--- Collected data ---

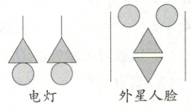 3. [教材P8变式题]下图是由两个圆、两个三角形和两条线段设计出的具有平移关系或轴对称关系的图案。请你也来设计两个有创意的组合图形,并给它们起个名字。
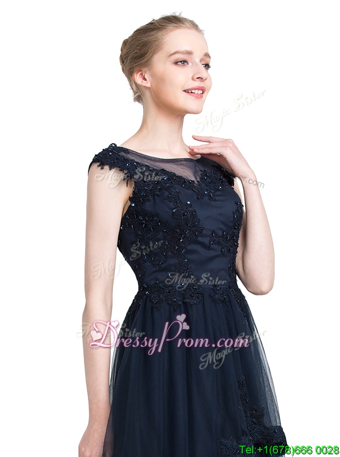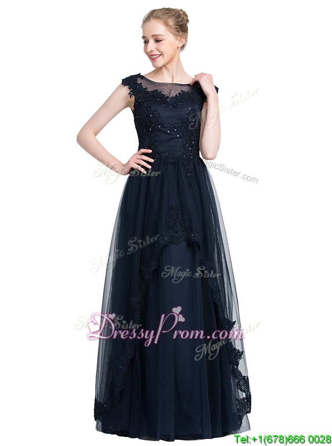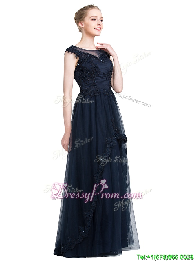 Neckline : BateauShown Color : BlackSilhouette : EmpireSleeve Length : sleevelessHemline : floor lengthBack Detail : ZipperFabric : TulleEmbellishment : BeadingOccasion : Prom,PartySeason : Spring,Summer,Fall,Winter
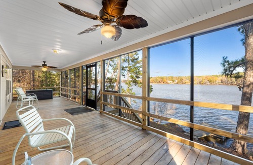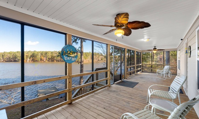 Secluded getaway on wonderful High Falls Lake. Cottage has sunny kitchen w large gas stove and all your needs (but no dishwasher), perfect family room w/fireplace and excellent WI-FI & Roku TV, huge BR w/2 brand new Queen beds, extra large screened porch, gas grill, firepit, kayaks, dock and more! Located about an hour south of ATL and only 2 miles from I-75. Come enjoy and relax in this private lakefront cottage that is only minutes from High Falls State Park and other outdoor attractions.
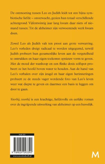 Een bijzondere roman over afscheid nemen, vol compassie geschreven, die de lezer diep zal raken. Steeds meer mensen komen eens in hun leven in aanraking met dementie of alzheimer, vaak met verwoestende gevolgen De ontmoeting tussen Leo en Judith leidt tot een bijna symbiotische liefde - onverwacht, gezien hun totaal verschillende achtergrond. Vijfentwintig jaar lang kwam daar niets of niemand tussen. Tot de alzheimer zijn verwoestende werk kwam doen. Zowel Leo als Judith valt ten prooi aan grote verwarring. Leo's verleden dreigt radicaal te worden uitgegumd, terwijl Judith probeert hun gezamenlijke leven aan de vergetelheid te ontrukken en haar eigen toekomst opnieuw vorm te geven. Met de moed der wanhoop en een flinke dosis zelfspot probeert ze het hoofd boven water te houden. Aan de hand van Leo's verhalen over zijn jeugd en haar eigen herinneringen probeert ze de steeds vager wordende foto van Leo's leven weer wat diepte te geven en daarmee een basis te leggen om door te gaan.
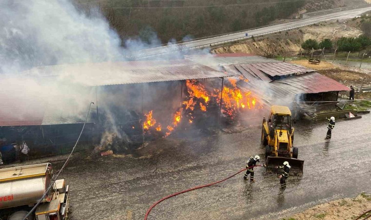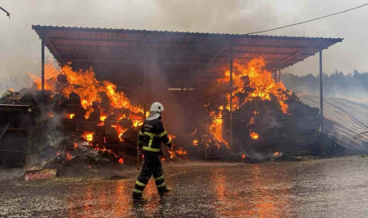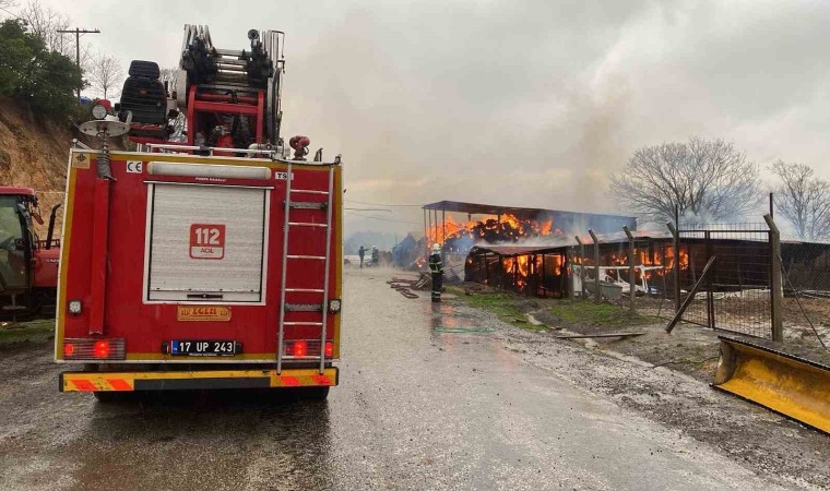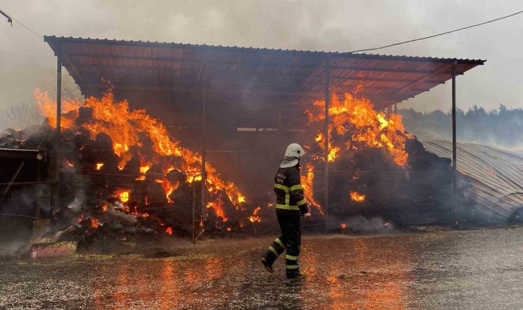Çanakkale Merkeze bağlı Kirazlı köyü Balaban mevkiinde dama yıldırım düşmesi sonucu 2 bin balya saman alev alev yandı.

--- Task instructions ---
Restate the lines of the records exactly, starting at the first and stopping after the line with "Secluded getaway on". Leave out any picture.

--- Result for this exercise ---
 3. [教材P8变式题]下图是由两个圆、两个三角形和两条线段设计出的具有平移关系或轴对称关系的图案。请你也来设计两个有创意的组合图形,并给它们起个名字。
 Neckline : BateauShown Color : BlackSilhouette : EmpireSleeve Length : sleevelessHemline : floor lengthBack Detail : ZipperFabric : TulleEmbellishment : BeadingOccasion : Prom,PartySeason : Spring,Summer,Fall,Winter
 Secluded getaway on wonderful High Falls Lake. Cottage has sunny kitchen w large gas stove and all your needs (but no dishwasher), perfect family room w/fireplace and excellent WI-FI & Roku TV, huge BR w/2 brand new Queen beds, extra large screened porch, gas grill, firepit, kayaks, dock and more! Located about an hour south of ATL and only 2 miles from I-75. Come enjoy and relax in this private lakefront cottage that is only minutes from High Falls State Park and other outdoor attractions.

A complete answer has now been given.